### Task to complete
Pictures in the listing do not belong in the copy, which should repeat exactly the lines from the one holding "사양 | 모든피부용 |" through the last line.

### Provided material
========================

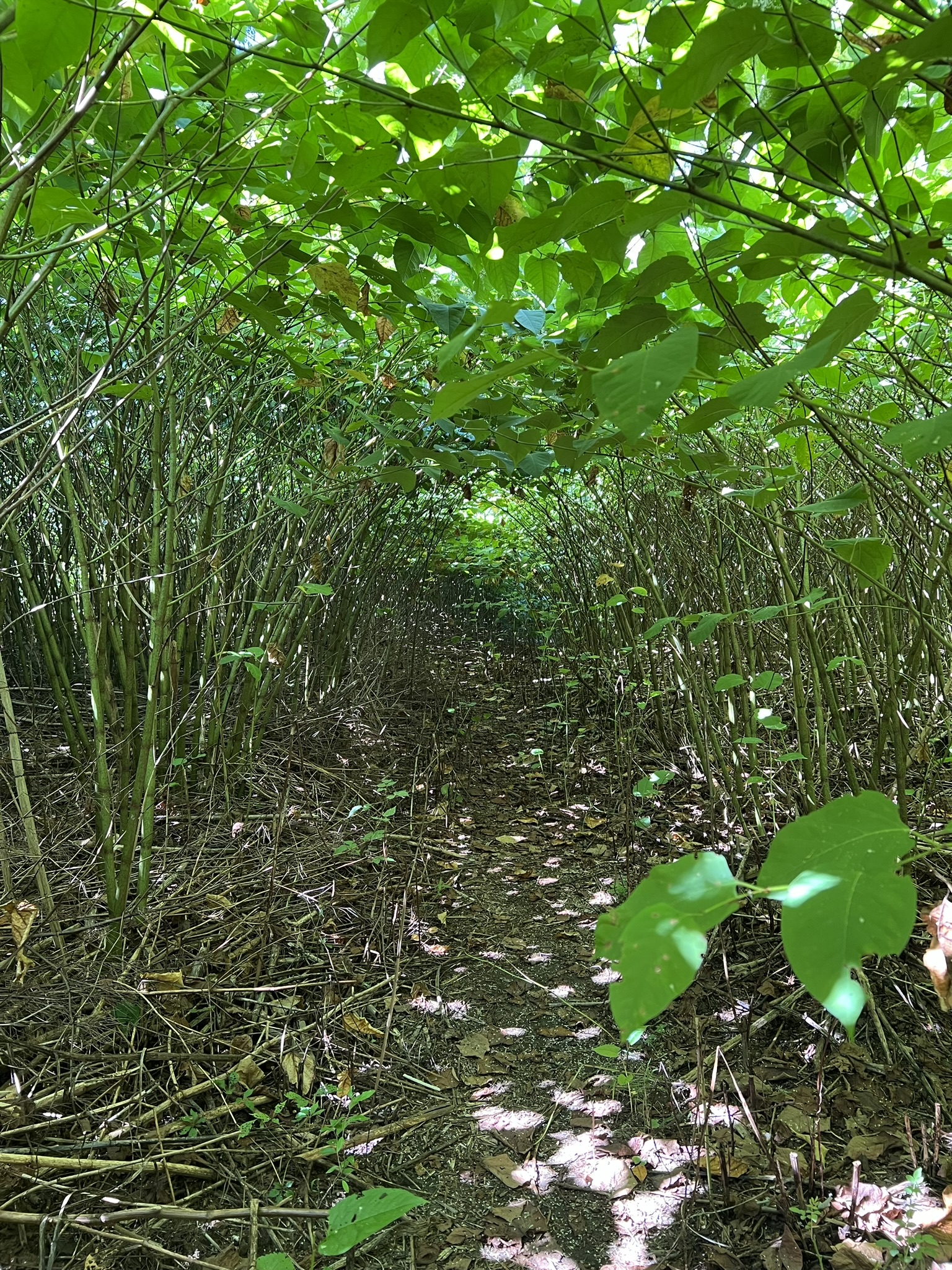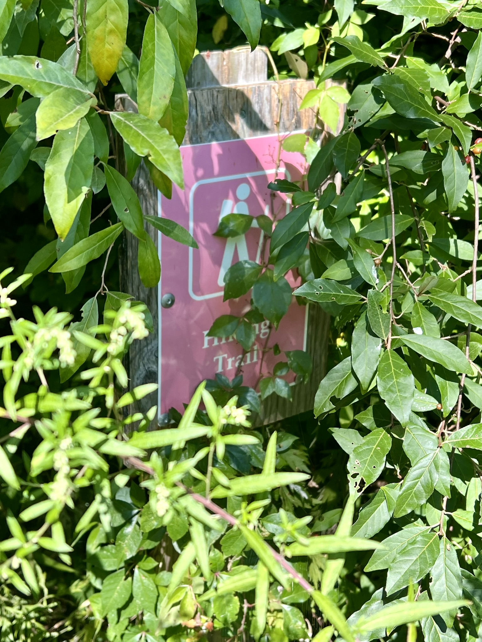 We located the large, well-kept parking area on Maple Street, but the trail was another story. The overgrown “Hiking Trail” sign that we eventually discovered in the underbrush should have been a dead giveaway. We plowed ahead nonetheless. At first things seemed promising, with some pretty views of the river. But after a short distance we encountered thick growth crowding the trail. Passing under a closed arbor of Japanese knotweed we reached a point where the brambles were so thick I decided I couldn’t subject my intrepid team nor myself to any more of it. I aborted the hike, much to my team’s relief, and we returned to our vehicle. Plan B was to head to the southern entrance of Scantic River State Park’s eastern parcel and attempt the trails from the other direction.
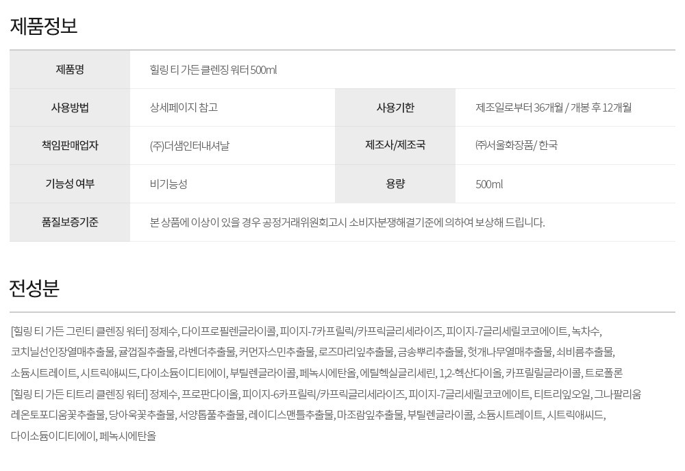 | 용량(중량) | 500ml | 제품 주요 사양 | 모든피부용 |
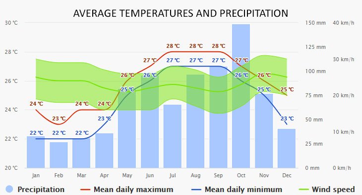 The climate diagrams are based on 30 years of hourly weather model simulations. They give good indications of typical climate patterns and expected conditions (temperature, precipitation, sunshine, and wind). The “mean daily maximum” (solid red line) shows the maximum temperature of an average day for every month for Exumas. Likewise, the “mean daily minimum” (solid blue line) shows the average minimum temperature.

========================

### Exercise response
 | 용량(중량) | 500ml | 제품 주요 사양 | 모든피부용 |
 The climate diagrams are based on 30 years of hourly weather model simulations. They give good indications of typical climate patterns and expected conditions (temperature, precipitation, sunshine, and wind). The “mean daily maximum” (solid red line) shows the maximum temperature of an average day for every month for Exumas. Likewise, the “mean daily minimum” (solid blue line) shows the average minimum temperature.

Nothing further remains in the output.